• Work task:
The listing below holds pictures; exclude them. Return exactly the lines from the one with "way, objects could" through the one with "Historical Performance of the EURO".

• Data records:
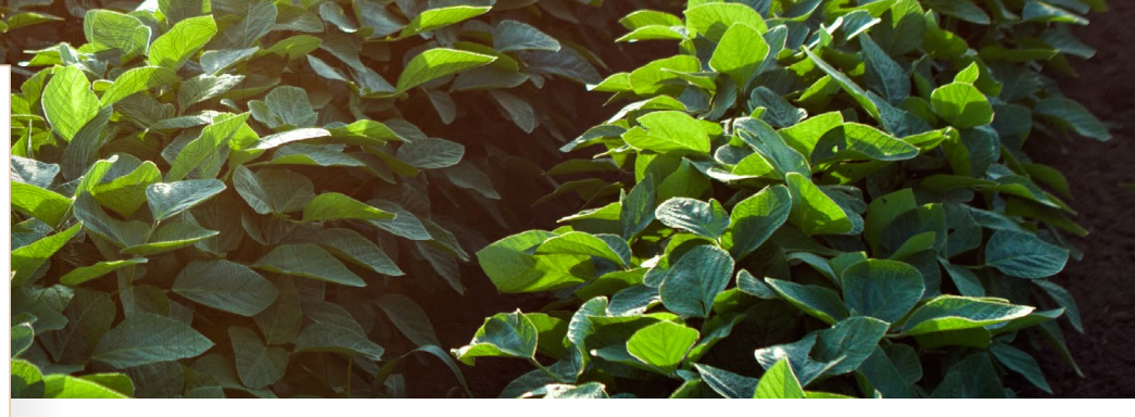
The best soybean management practices by Extension researchers from across the United States
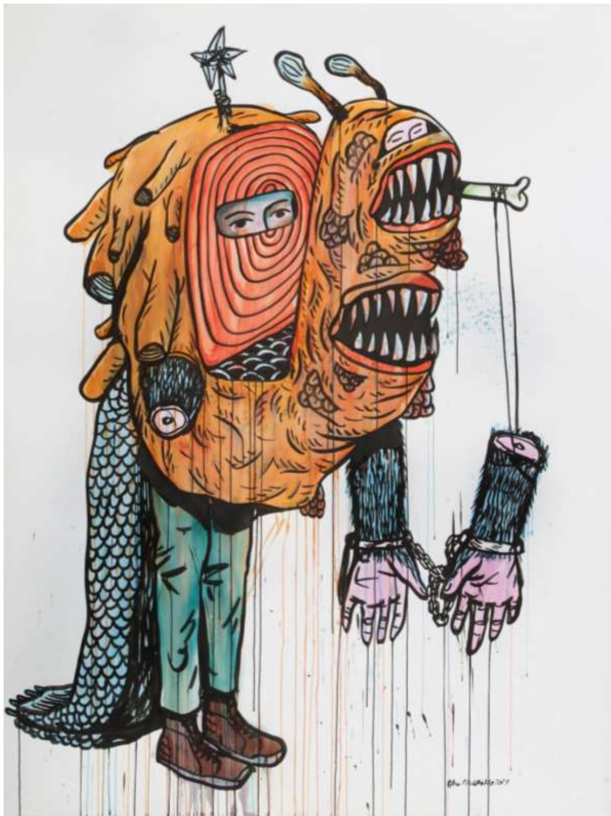
Lets Talk About Revolution to My Hand
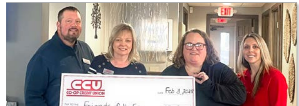
Eau Claire County Fair

This is seen in many ways, including monetary donations, event sponsorships or participation, and volunteer opportunities.
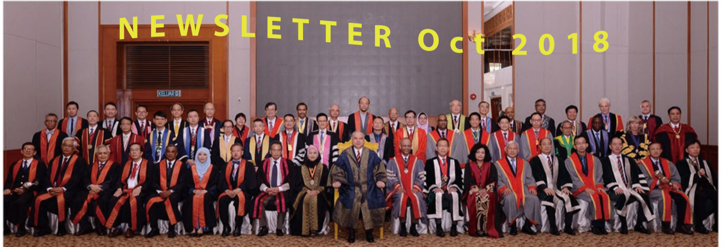
AMM-AMS-HKAM Tripartite Congress
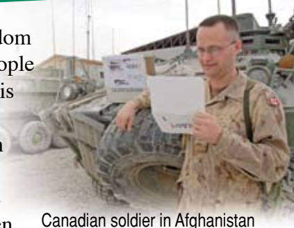
Canadian soldier in Afghanistan reading a letter from home.
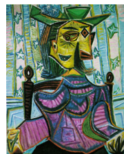
"Dora Maar, Sitting" by Picasso

way, objects could be represented from many angles as if the viewer was moving around them. Thus "time", the fourth dimension, was also being represented on the two-dimensional surface of a painting!
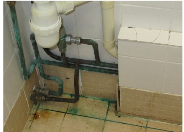
Tiles broken and pipe corrosion
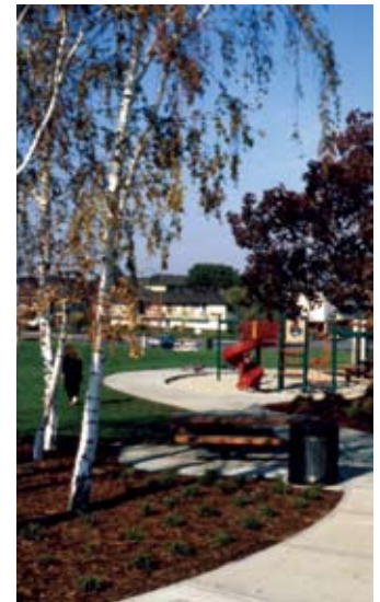
▶ Klein Park

Beals Alliance has accomplished projects such as:
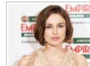
Knightley Gets Dangerous
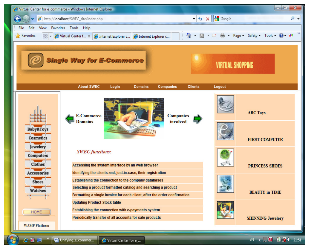
Figure 4: The main graphical user interface of the website

SWEC system has a friendly and suggestive interface using menus with explained options that simplify the selection of the next branch (figure 4 - the main graphical user interface of the website).
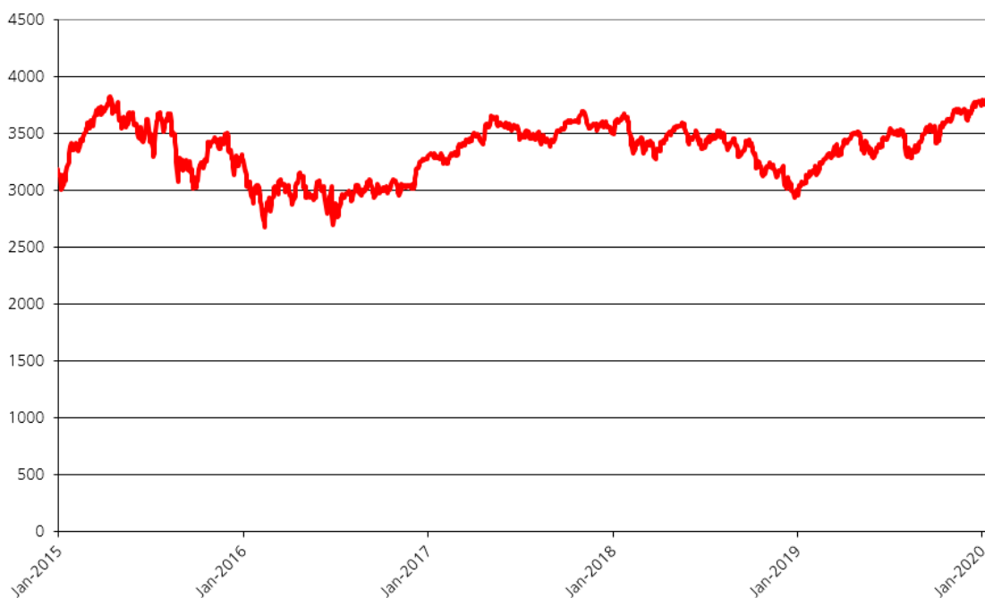
Historical Performance of the EURO STOXX 50® Index

We have not undertaken an independent review or due diligence of the information. The historical performance of the reference asset should not be taken as an indication of its future performance, and no assurance can be given as to the final level of the reference asset. We cannot give you assurance that the performance of the reference asset will result in any positive return on your initial investment. Past performance of the reference asset is not indicative of the future performance of the reference asset.
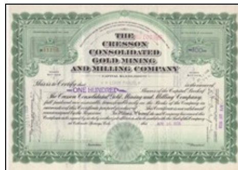
Fig. 5. Stock certificate for the Cresson Consolidated (Cripple Creek/Victor).

I am not certain about the complete history of the Cresson Company except that the original Cresson mine was not a money-maker until late 1914 when the ultra-rich Cresson Vug (~1265 feet below the surface) was discovered---a room size cavern filled with various ores, mostly sylvanite [(Au,Ag) 2 Te 4 ] and calaverite [AuTe 2 ], containing crystalline gold. In a month or so about 60,000 troy ounces of gold was taken out of the vug with hand tools---what is that, 80-90 million dollars in today's prices? The mine was still producing excellent gold in 1915 and was sold to A.E. Carlton and Associates in 1916. Carlton and his friends owned the Golden Cycle noted above, and in fact, owned about 95% of the gold properties in the Cripple Creek District. The Cresson Mine (underground) continued to produce until about 1960 when most mining in the Cripple Creek area ceased. Small scale surface mining started up in the early 1970s and the giant open pit Cripple Creek and Victor Gold Mine (AKA Cresson Mine) became established (early 1990s) on the site of the old underground Cresson Mine. As noted above, the mine is now owned and operated by Newmont Mining Corporation as a heap leach project and producing over 200,000 troy ounces of gold each year from a very low grade ore.

• Expected output:
way, objects could be represented from many angles as if the viewer was moving around them. Thus "time", the fourth dimension, was also being represented on the two-dimensional surface of a painting!
Tiles broken and pipe corrosion
▶ Klein Park

Beals Alliance has accomplished projects such as:
Knightley Gets Dangerous
Figure 4: The main graphical user interface of the website

SWEC system has a friendly and suggestive interface using menus with explained options that simplify the selection of the next branch (figure 4 - the main graphical user interface of the website).
Historical Performance of the EURO STOXX 50® Index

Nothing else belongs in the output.